▸ **WORK ORDER**: Would you repeat each line below exactly, without the pictures?

▸ **SOURCE MATERIAL**:
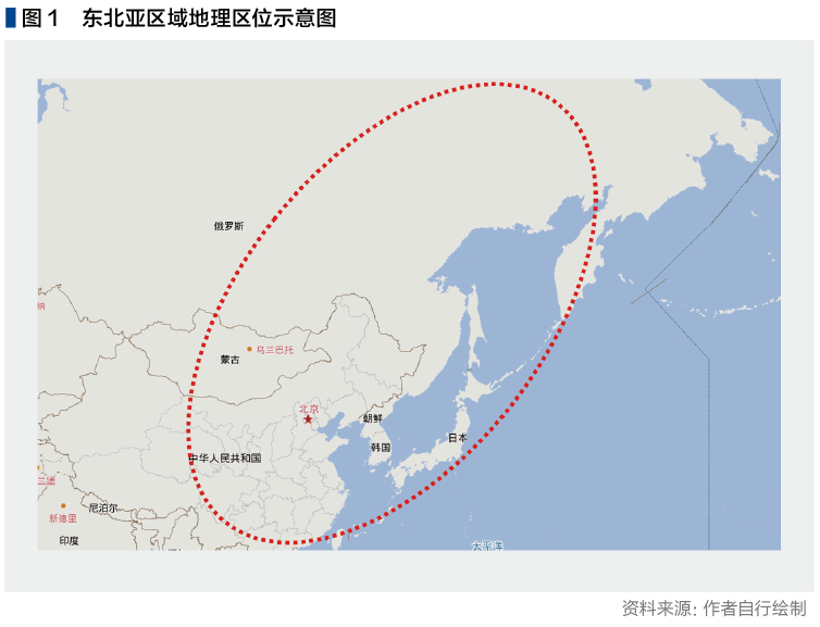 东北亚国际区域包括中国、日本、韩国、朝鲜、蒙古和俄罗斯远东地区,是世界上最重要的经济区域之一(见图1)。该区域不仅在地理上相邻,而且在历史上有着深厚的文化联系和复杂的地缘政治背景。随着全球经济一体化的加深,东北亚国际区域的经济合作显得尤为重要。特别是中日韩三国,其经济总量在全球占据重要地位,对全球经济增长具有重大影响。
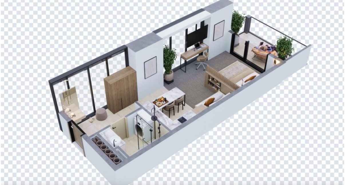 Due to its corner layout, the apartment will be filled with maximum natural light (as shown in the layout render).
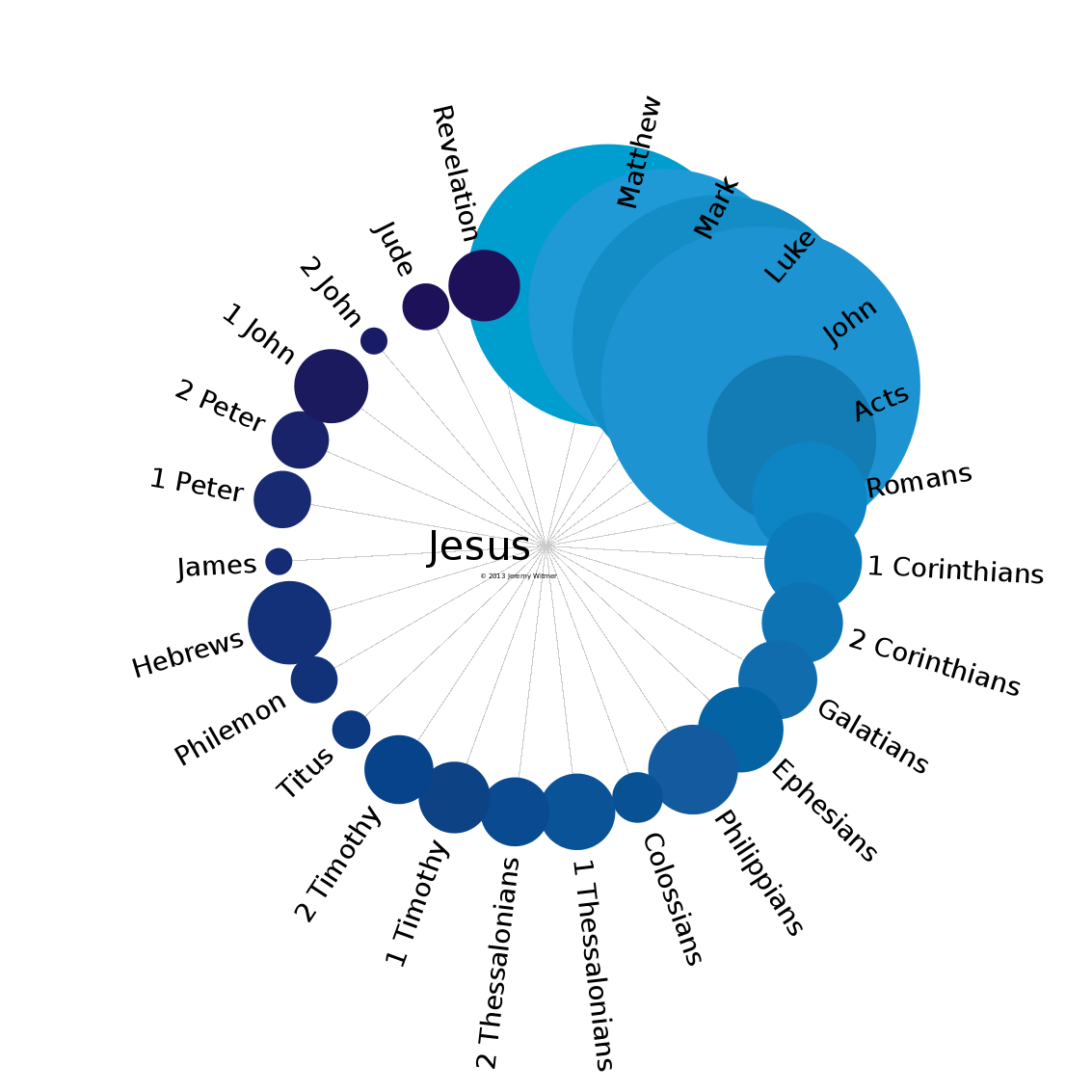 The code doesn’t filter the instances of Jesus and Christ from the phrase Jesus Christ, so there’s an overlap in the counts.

▸ **WRITTEN RESPONSE**:
 东北亚国际区域包括中国、日本、韩国、朝鲜、蒙古和俄罗斯远东地区,是世界上最重要的经济区域之一(见图1)。该区域不仅在地理上相邻,而且在历史上有着深厚的文化联系和复杂的地缘政治背景。随着全球经济一体化的加深,东北亚国际区域的经济合作显得尤为重要。特别是中日韩三国,其经济总量在全球占据重要地位,对全球经济增长具有重大影响。
 Due to its corner layout, the apartment will be filled with maximum natural light (as shown in the layout render).
 The code doesn’t filter the instances of Jesus and Christ from the phrase Jesus Christ, so there’s an overlap in the counts.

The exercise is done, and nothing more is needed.